**WHAT YOU NEED TO DO**
Only one stretch of the listing below is wanted. Begin at the line that has "Straight cut, flaring", stop after the line that has "Etichetta dell'Artista recante", and repeat every line in between exactly.

**THE RECORDS**
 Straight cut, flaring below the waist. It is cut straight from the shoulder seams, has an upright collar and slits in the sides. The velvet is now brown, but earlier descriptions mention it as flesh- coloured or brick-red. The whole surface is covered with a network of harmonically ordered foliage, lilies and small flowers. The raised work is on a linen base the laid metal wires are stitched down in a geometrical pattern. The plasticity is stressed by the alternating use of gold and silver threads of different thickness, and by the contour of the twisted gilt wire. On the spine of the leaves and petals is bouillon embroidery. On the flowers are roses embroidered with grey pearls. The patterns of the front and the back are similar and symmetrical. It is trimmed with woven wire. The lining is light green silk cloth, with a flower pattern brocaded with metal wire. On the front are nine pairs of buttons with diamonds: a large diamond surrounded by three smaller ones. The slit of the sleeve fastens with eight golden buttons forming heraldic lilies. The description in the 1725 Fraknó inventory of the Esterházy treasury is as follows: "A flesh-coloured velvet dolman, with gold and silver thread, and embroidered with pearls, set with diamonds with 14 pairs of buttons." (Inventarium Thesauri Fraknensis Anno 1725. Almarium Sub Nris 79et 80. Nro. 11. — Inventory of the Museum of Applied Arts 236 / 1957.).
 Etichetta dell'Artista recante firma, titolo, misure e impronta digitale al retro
---
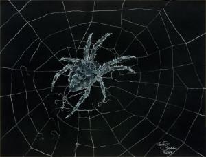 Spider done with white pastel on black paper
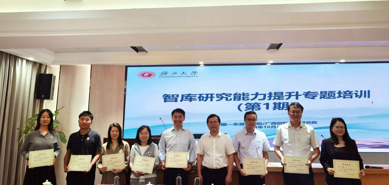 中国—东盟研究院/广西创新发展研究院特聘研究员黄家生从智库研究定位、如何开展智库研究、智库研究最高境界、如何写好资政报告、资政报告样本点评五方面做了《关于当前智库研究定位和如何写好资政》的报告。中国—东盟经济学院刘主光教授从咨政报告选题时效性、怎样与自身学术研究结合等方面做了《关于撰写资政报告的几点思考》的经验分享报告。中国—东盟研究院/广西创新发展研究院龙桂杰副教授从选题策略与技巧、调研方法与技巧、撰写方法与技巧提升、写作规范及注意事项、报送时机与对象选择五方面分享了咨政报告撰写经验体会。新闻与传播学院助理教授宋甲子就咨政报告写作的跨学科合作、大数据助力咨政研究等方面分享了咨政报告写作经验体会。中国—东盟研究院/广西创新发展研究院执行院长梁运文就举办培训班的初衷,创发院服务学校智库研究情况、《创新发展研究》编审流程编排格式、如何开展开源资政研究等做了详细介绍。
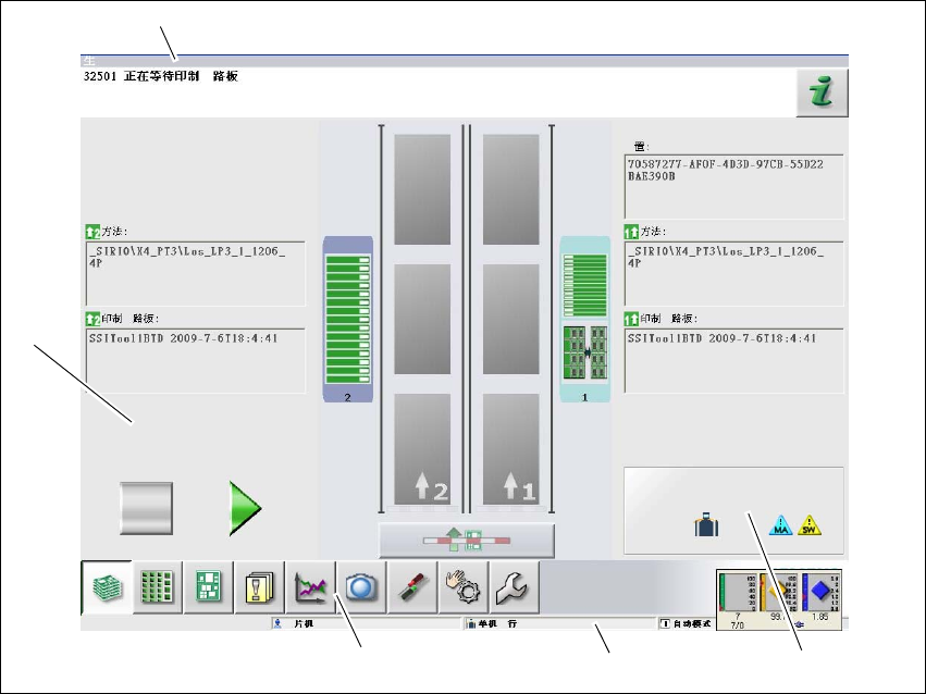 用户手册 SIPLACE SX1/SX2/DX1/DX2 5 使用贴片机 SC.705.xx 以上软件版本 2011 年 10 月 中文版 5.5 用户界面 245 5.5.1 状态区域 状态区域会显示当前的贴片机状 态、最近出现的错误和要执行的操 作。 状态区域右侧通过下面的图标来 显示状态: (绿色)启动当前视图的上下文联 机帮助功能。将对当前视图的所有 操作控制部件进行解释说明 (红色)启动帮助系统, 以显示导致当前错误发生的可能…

**REPLY**
 Straight cut, flaring below the waist. It is cut straight from the shoulder seams, has an upright collar and slits in the sides. The velvet is now brown, but earlier descriptions mention it as flesh- coloured or brick-red. The whole surface is covered with a network of harmonically ordered foliage, lilies and small flowers. The raised work is on a linen base the laid metal wires are stitched down in a geometrical pattern. The plasticity is stressed by the alternating use of gold and silver threads of different thickness, and by the contour of the twisted gilt wire. On the spine of the leaves and petals is bouillon embroidery. On the flowers are roses embroidered with grey pearls. The patterns of the front and the back are similar and symmetrical. It is trimmed with woven wire. The lining is light green silk cloth, with a flower pattern brocaded with metal wire. On the front are nine pairs of buttons with diamonds: a large diamond surrounded by three smaller ones. The slit of the sleeve fastens with eight golden buttons forming heraldic lilies. The description in the 1725 Fraknó inventory of the Esterházy treasury is as follows: "A flesh-coloured velvet dolman, with gold and silver thread, and embroidered with pearls, set with diamonds with 14 pairs of buttons." (Inventarium Thesauri Fraknensis Anno 1725. Almarium Sub Nris 79et 80. Nro. 11. — Inventory of the Museum of Applied Arts 236 / 1957.).
 Etichetta dell'Artista recante firma, titolo, misure e impronta digitale al retro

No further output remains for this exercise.